| Aim of the task |
Give back exactly the lines from the start of the entries below to the line holding "Come celebrate 99", that line included, and leave every picture out.

(Stored items)
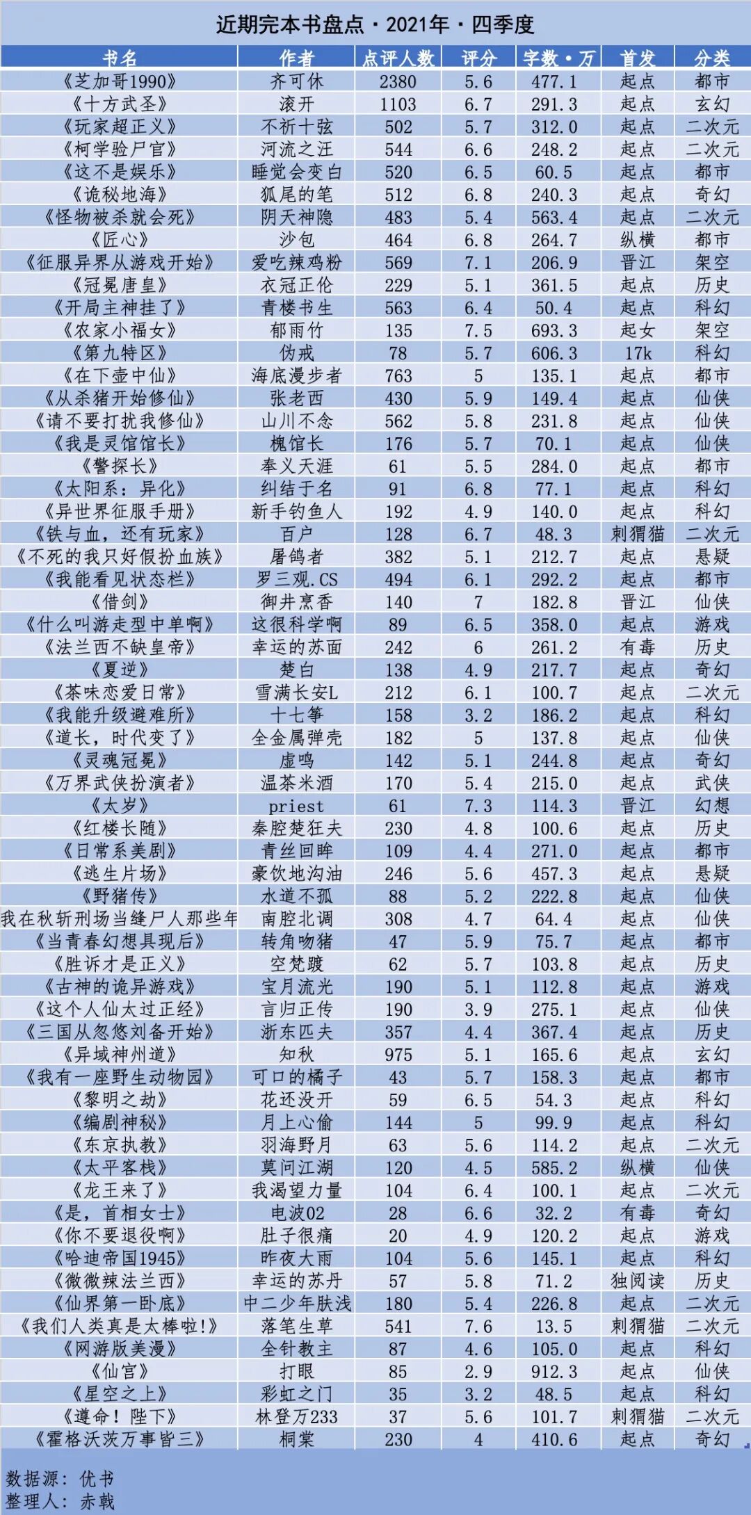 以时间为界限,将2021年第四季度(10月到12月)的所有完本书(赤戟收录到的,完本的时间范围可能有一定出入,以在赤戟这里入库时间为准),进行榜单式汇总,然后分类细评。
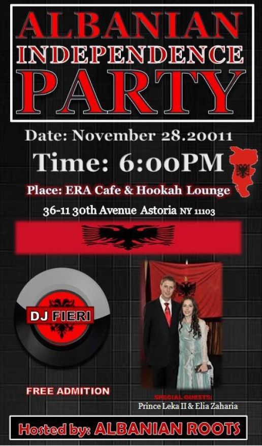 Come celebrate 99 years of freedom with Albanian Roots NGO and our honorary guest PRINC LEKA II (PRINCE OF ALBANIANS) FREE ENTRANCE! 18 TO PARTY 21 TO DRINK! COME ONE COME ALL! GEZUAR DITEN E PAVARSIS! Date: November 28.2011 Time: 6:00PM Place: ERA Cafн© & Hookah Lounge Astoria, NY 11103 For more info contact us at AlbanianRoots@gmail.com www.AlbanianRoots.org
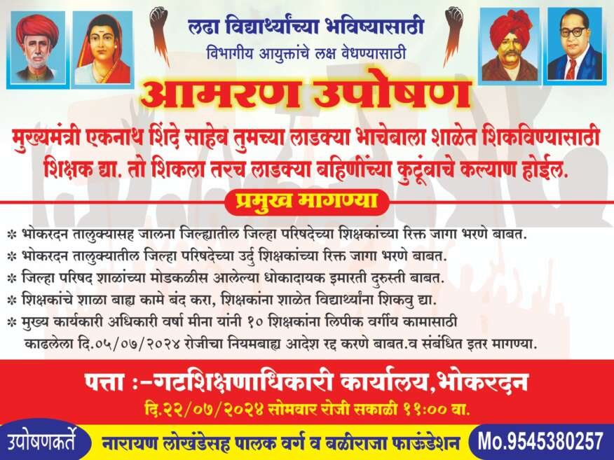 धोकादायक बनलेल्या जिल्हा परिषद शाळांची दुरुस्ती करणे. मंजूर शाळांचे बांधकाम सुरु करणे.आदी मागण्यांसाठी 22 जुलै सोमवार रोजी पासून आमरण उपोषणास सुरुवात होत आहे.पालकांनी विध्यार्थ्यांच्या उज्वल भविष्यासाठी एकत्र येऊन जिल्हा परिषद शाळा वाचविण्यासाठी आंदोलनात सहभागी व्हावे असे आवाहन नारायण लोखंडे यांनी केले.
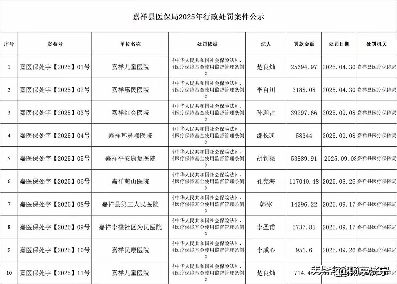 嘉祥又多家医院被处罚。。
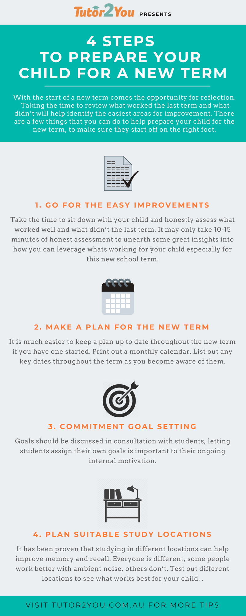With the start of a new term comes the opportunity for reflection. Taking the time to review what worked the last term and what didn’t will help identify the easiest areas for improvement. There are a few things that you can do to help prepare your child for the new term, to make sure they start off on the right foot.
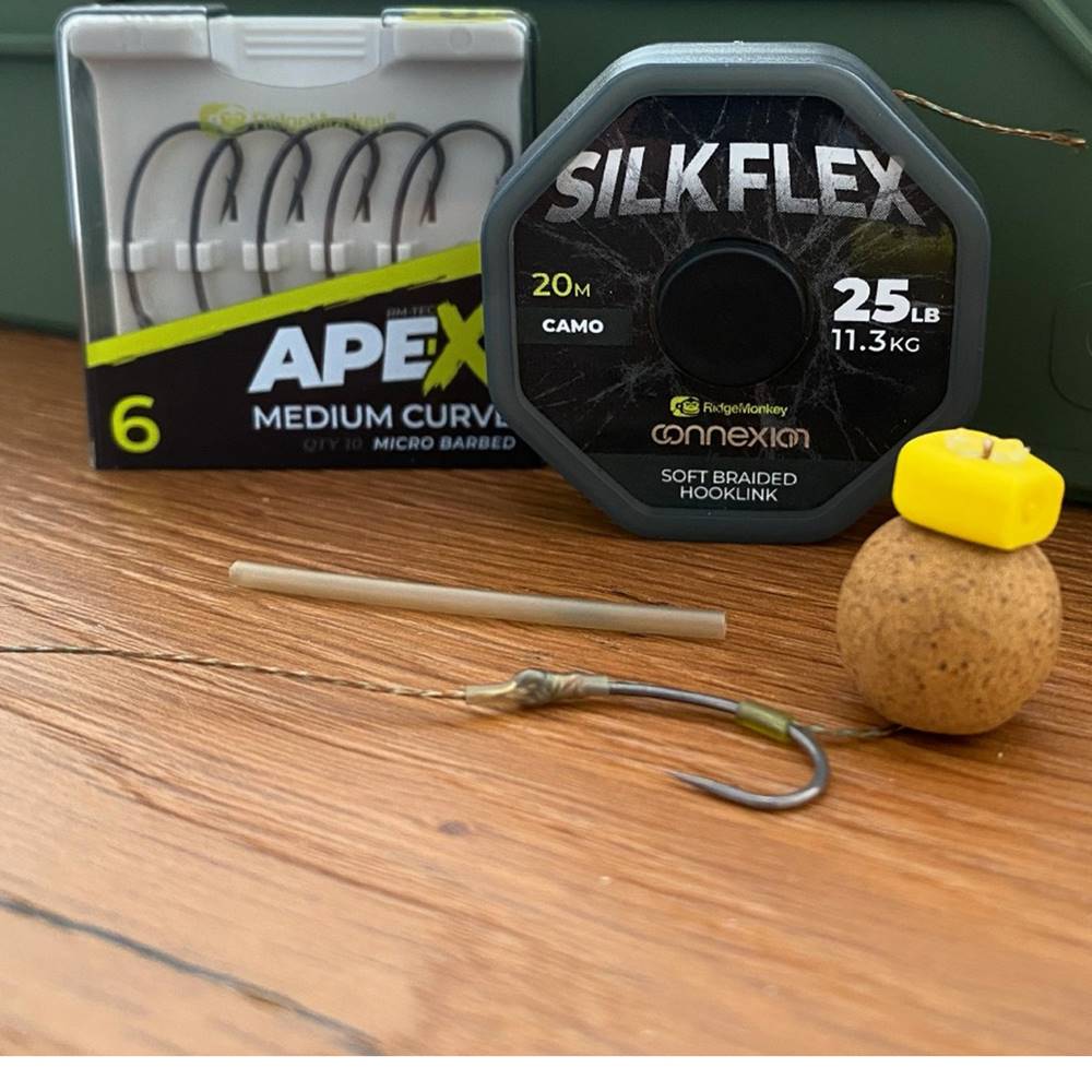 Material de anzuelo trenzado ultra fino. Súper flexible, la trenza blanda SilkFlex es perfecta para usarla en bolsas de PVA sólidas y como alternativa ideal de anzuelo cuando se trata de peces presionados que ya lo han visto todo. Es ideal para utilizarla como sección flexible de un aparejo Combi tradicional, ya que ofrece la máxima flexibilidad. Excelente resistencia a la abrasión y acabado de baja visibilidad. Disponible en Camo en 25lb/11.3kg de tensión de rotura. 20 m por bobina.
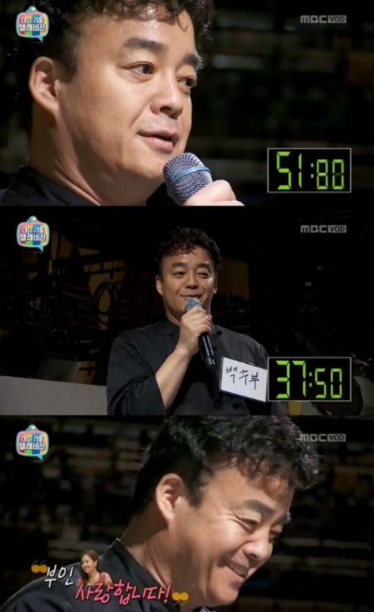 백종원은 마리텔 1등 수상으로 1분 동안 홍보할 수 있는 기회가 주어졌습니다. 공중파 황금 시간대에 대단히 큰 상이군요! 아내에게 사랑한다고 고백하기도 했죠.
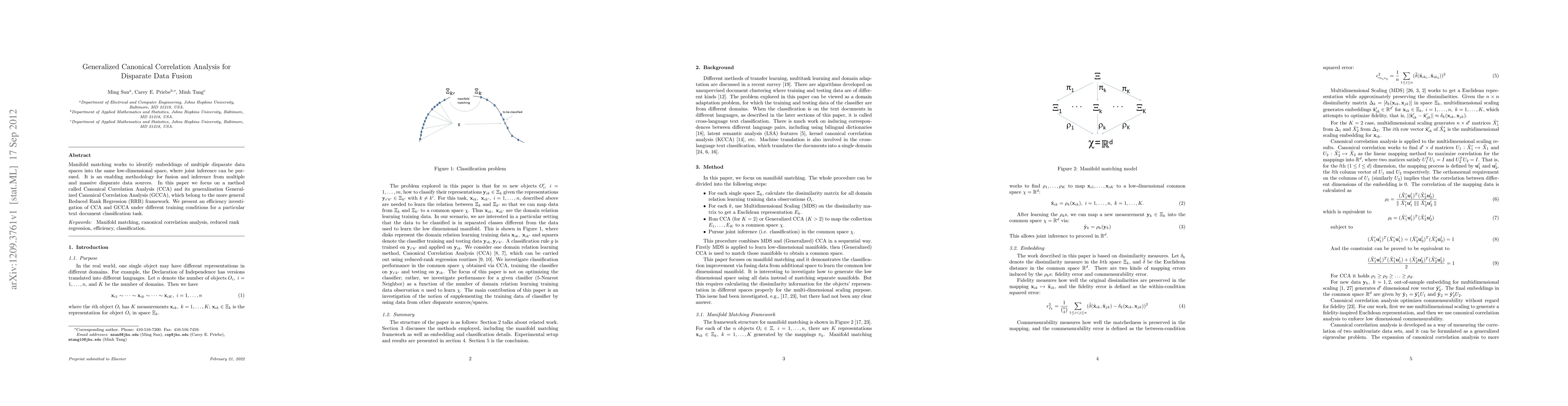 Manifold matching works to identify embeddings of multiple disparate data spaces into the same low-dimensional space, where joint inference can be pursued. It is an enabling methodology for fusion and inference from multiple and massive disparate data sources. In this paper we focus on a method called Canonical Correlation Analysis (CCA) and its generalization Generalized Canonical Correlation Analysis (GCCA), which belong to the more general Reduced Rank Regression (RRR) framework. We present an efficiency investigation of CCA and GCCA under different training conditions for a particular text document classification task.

| Solution for this exercise |
 以时间为界限,将2021年第四季度(10月到12月)的所有完本书(赤戟收录到的,完本的时间范围可能有一定出入,以在赤戟这里入库时间为准),进行榜单式汇总,然后分类细评。
 Come celebrate 99 years of freedom with Albanian Roots NGO and our honorary guest PRINC LEKA II (PRINCE OF ALBANIANS) FREE ENTRANCE! 18 TO PARTY 21 TO DRINK! COME ONE COME ALL! GEZUAR DITEN E PAVARSIS! Date: November 28.2011 Time: 6:00PM Place: ERA Cafн© & Hookah Lounge Astoria, NY 11103 For more info contact us at AlbanianRoots@gmail.com www.AlbanianRoots.org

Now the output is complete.